The goal of this page is to describe how those three concerns interlock, what APIs and engines are available, and which failure modes are documented in the source.

## Data Operations: Put, Commit, and Search

The public surface is intentionally narrow. `Memvid::create(path)` opens a new capsule, `put_bytes_with_options(...)` appends a frame with metadata (title, URI, tags, labels), and `commit()` flushes the embedded WAL and index segments [Source: [README.md](https://github.com/memvid/memvid/blob/main/README.md)]. Reads go through `Memvid::search(SearchRequest)`, which returns a ranked list of `SearchHit` records with snippets, ranks, and metadata.
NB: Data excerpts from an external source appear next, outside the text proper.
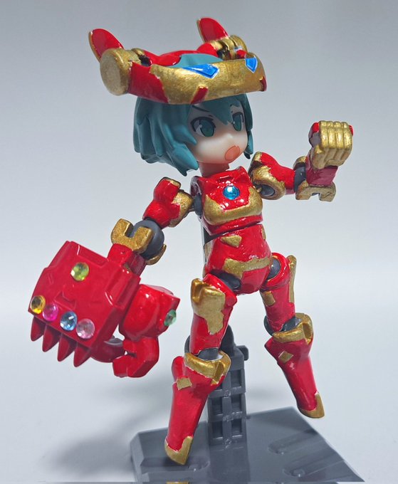 【コンテスト参加】 【応募条件に同意します】 【戦闘】 #デスクトップアーミー #コトブキヤ #アニマギア 染来ver.3 閃雷とのシンクロ率を上げた姿 シンクロ率を上げる事で互いに足りない物を補う事ができる 能力も上がる代わりに活動時間が短いのでシンクロ率を調節しながら戦う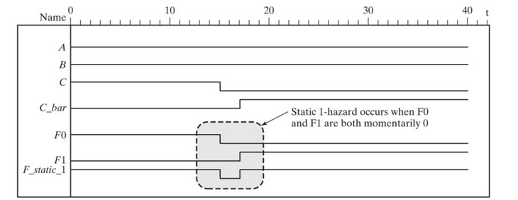 毛刺信号如下图影印部分所示,由于C经过一个非门才到达下面的与门,故F1相对于F0有延迟,那么在F端就会造成毛刺,这个毛刺就是有短暂的时间输出为0。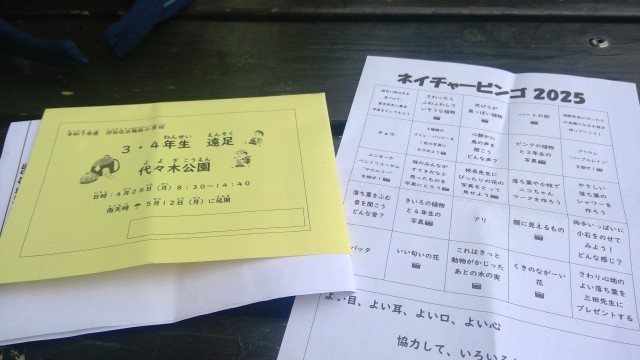 集合写真を撮った後、ネイチャービンゴをしています。
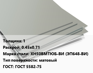 Лист нержавеющий 1 0.45х0.71 Сталь: ХН50ВМТЮБ-ВИ (ЭП648-ВИ) Тип:матовый ГОСТ 5582-75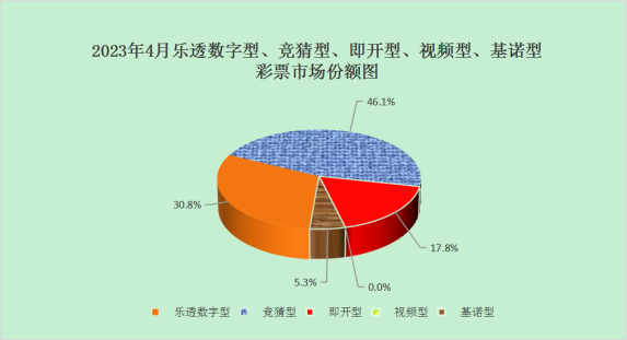 4月份,乐透数字型彩票销售154.94亿元,同比增加22.29亿元,增长16.8%;竞猜型彩票销售232.11亿元,同比增加125.45亿元,增长117.6%;即开型彩票销售89.36亿元,同比增加40.81亿元,增长84.1%;基诺型彩票销售26.85亿元,同比增加3.98亿元,增长17.4%。4月份,乐透数字型、竞猜型、即开型、基诺型彩票销售量分别占彩票销售总量的30.8%、46.1%、17.8%、5.3%。视频型彩票销售0.0022亿元,同比增加0.0021亿元。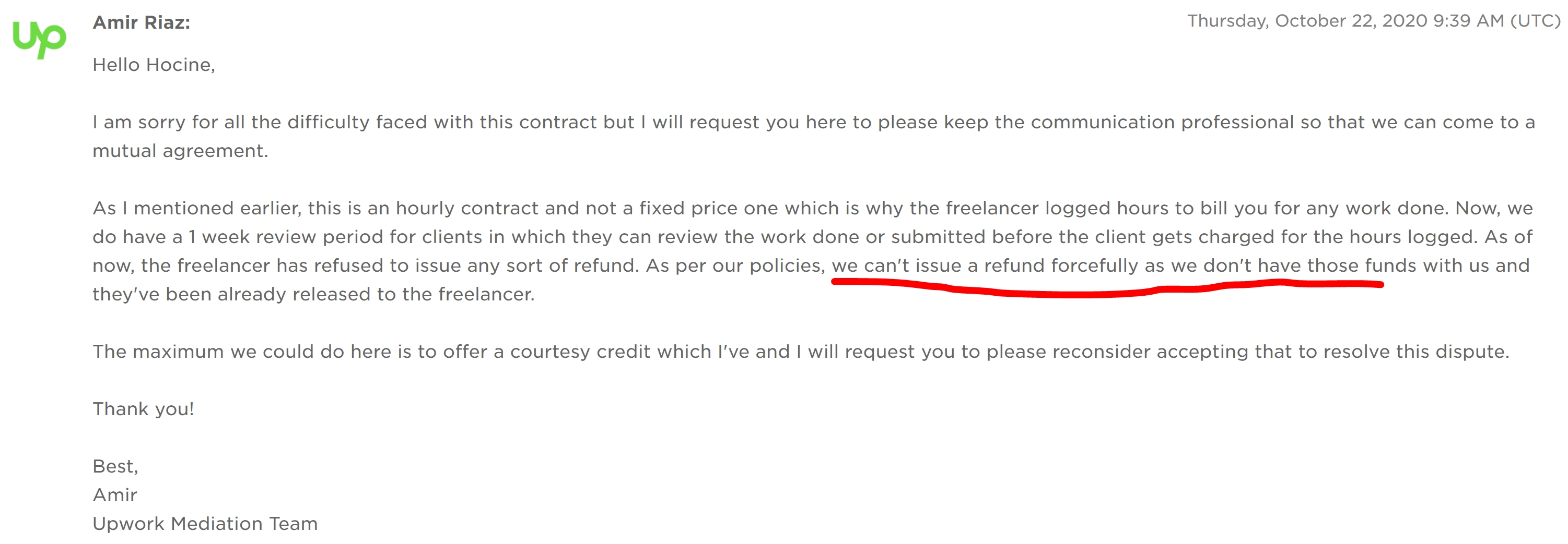 If I didn't have such strong principles I would have just let them keep my money the mediation process was not worth the abuse I endured at the hands of the con and the one sided devious UpWork employee mediator. Of course upwork doesn't get paid anything if the freelancer doesn't get paid so naturally they will side with the Freelancer, Even after I eventually won my right to a refund I had to again call email and fight to get it returned to my bank account. And still waiting 60 days later.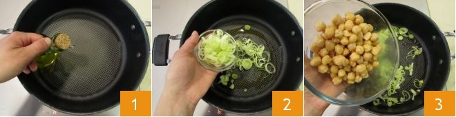 Para preparar a massa com creme de grão-de-bico e rúcula, coloque uma panela com água para ferver e, quando ferver, adicione sal. Passe para o creme de grão-de-bico: aqueça um fio de azeite em uma caçarola 1. Descasque o alho-poró e corte-o em rodelas finas; coloque-o na caçarola 2, depois escorra e adicione o grão-de-bico pré-cozido 3. Salgue a gosto e refogue tudo por cerca de 5 minutos, mexendo sempre.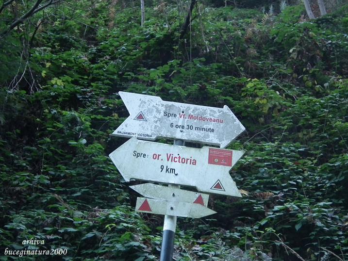 Pana la urma descoperim un reper si apoi marcaje mai dese. Ma gandeam asa: „sa vezi vale, sa vezi drum fara sfarsit”. Intalnim un indicator care ne linisteste… pana la Moldoveanu: 6 ore si jumatate :) Clar ca noi aveam sa facem 4 ore. Incepem sa mergem sustinut, intr-un ritm cam alert, dupa cum mi se pare mie, asa ca raman in urma, ocazie cu care mai fac si niste poze. Se termina forestierul chiar la indicatoarele din imaginea de mai sus, cred ca are vreo 4-5 kilometri si poteca urca pe langa parau, pe care il traverseaza de 3 ori pana la iesirea din padure. Evident, pe niste podete tare alunecoase.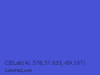 CIELab 41.578,37.633,-69.167 Color is a normal blue color and the nearest color is Iris #5a4fcf. Hex code #4752d6 and RGB value is rgb(71,82,214). In RGB color space, this color is composed of 28% red, 32% green, 84% blue, In CMYK color space, this color is composed of 67% cyan, 62% magenta, 0% yellow , 16% black , In HSL color space, this color has a hue angle of 235° , 64% saturation and 56% lightness.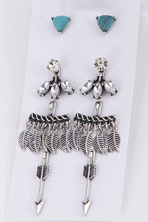 - * Antique Style Rhinestone Attached Set Earring 5GAJ9 * 0.5 x 0.5 / 1 x 1 / 1 x 1 / 1.5 x 0.2" approx.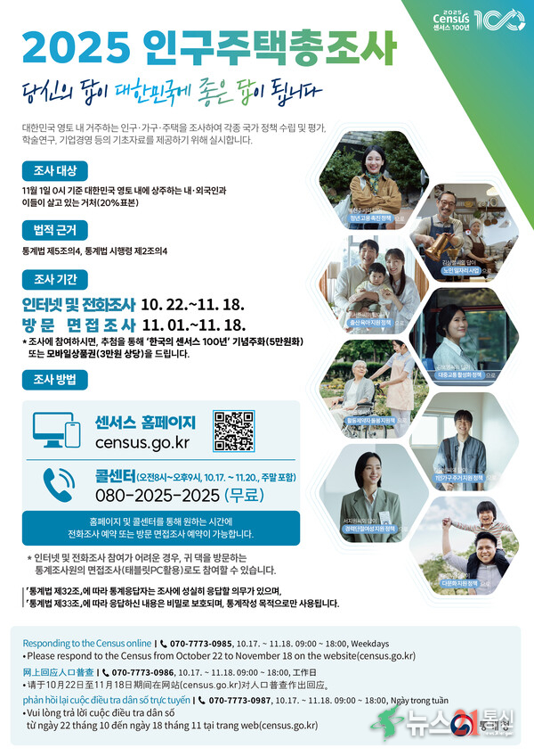 인터넷 참여가 어려운 가구는 콜센터(☎080-2025-2025)를 통해 전화 조사도 가능하다. 인터넷 및 전화 조사에 응답하지 않은 가구는 통계조사원이 직접 방문해 면접 방식으로 조사를 진행할 예정이다.
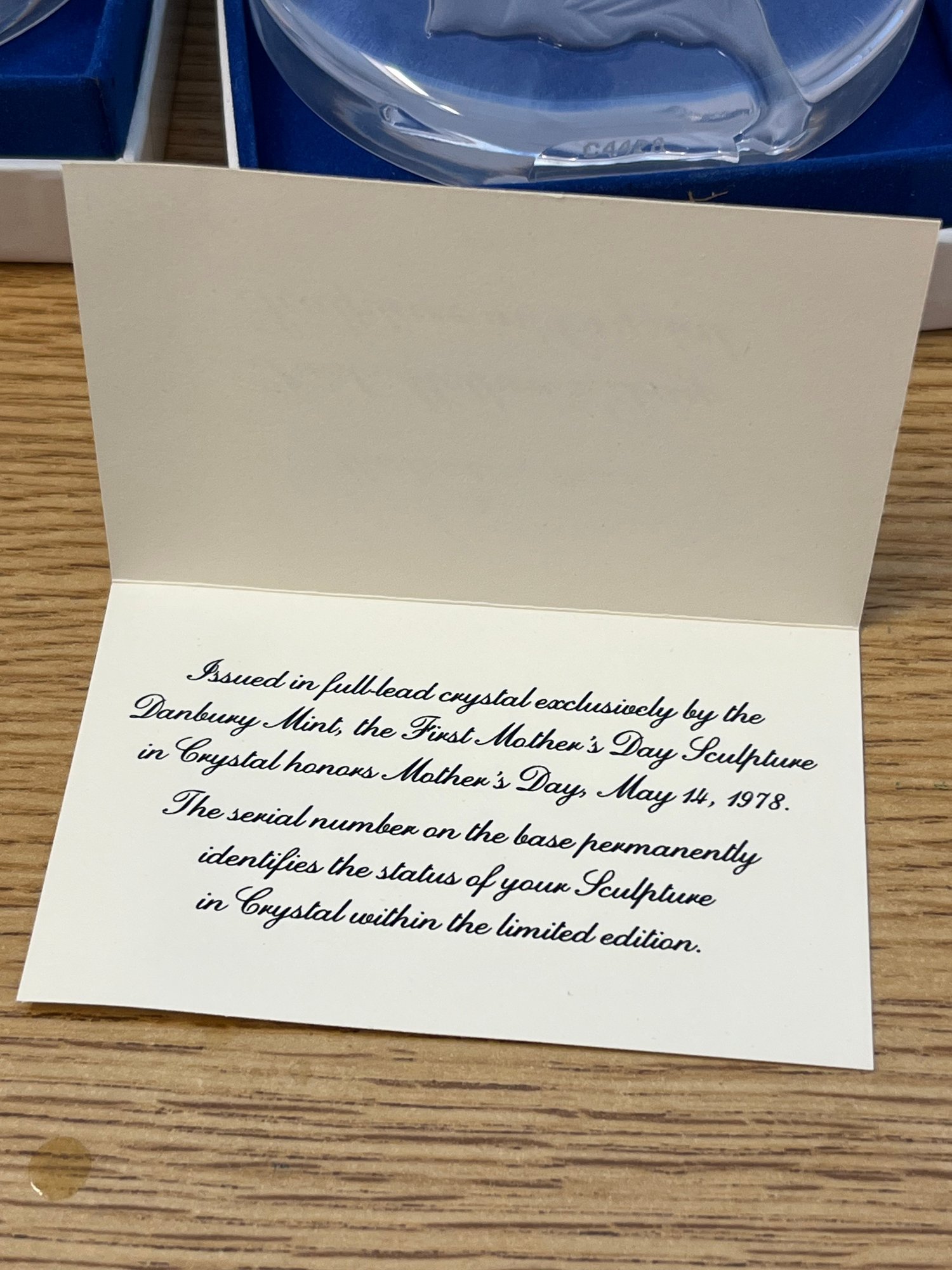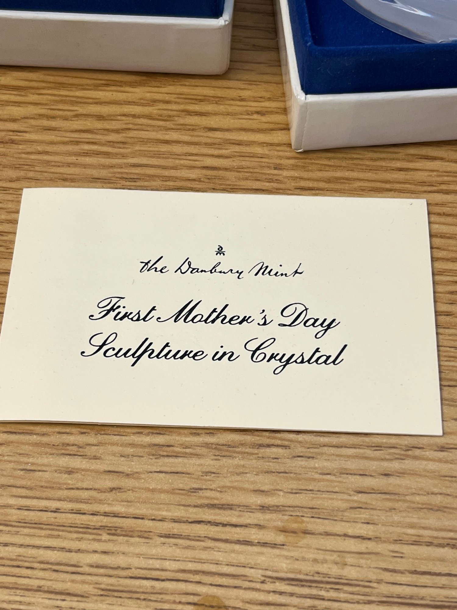 A pair of Danbury Mint Mother's Day paperweights arrives here as a quietly charming ensemble — the kind of sentimental collectible that once graced a cherished display shelf and carries the warmth of that history with it. Danbury Mint has long been synonymous with finely crafted limited edition pieces designed to honor life's most meaningful occasions, and these Mother's Day offerings are no exception. Each paperweight speaks to the brand's signature attention to decorative detail, making them equally at home as functional desk accessories or standalone display pieces. Whether you're an established Danbury Mint collector rounding out a themed grouping or a thoughtful buyer seeking a meaningful vintage gift, this pair represents a rare opportunity to acquire two pieces together — a combination that amplifies their collective appeal and display potential. Condition details will be confirmed upon request, but the inherent desirability of the Danbury Mint name ensures strong collector interest. Bid with confidence on this endearing set.

Search execution is layered. A request first dispatches to a sketch-based pre-filter when the `lex` feature is enabled, which generates candidates in microseconds and then hands them off to either the Tantivy engine or the lex BM25 fallback for reranking [Source: [src/memvid/search/mod.rs](https://github.com/memvid/memvid/blob/main/src/memvid/search/mod.rs)]. The sketch pre-filter is parameterized by `hamming_threshold` and `max_candidates`, which is set to `top_k * 10` (or 500) to keep recall high before BM25 prunes noise [Source: [src/memvid/search/mod.rs](https://github.com/memvid/memvid/blob/main/src/memvid/search/mod.rs)].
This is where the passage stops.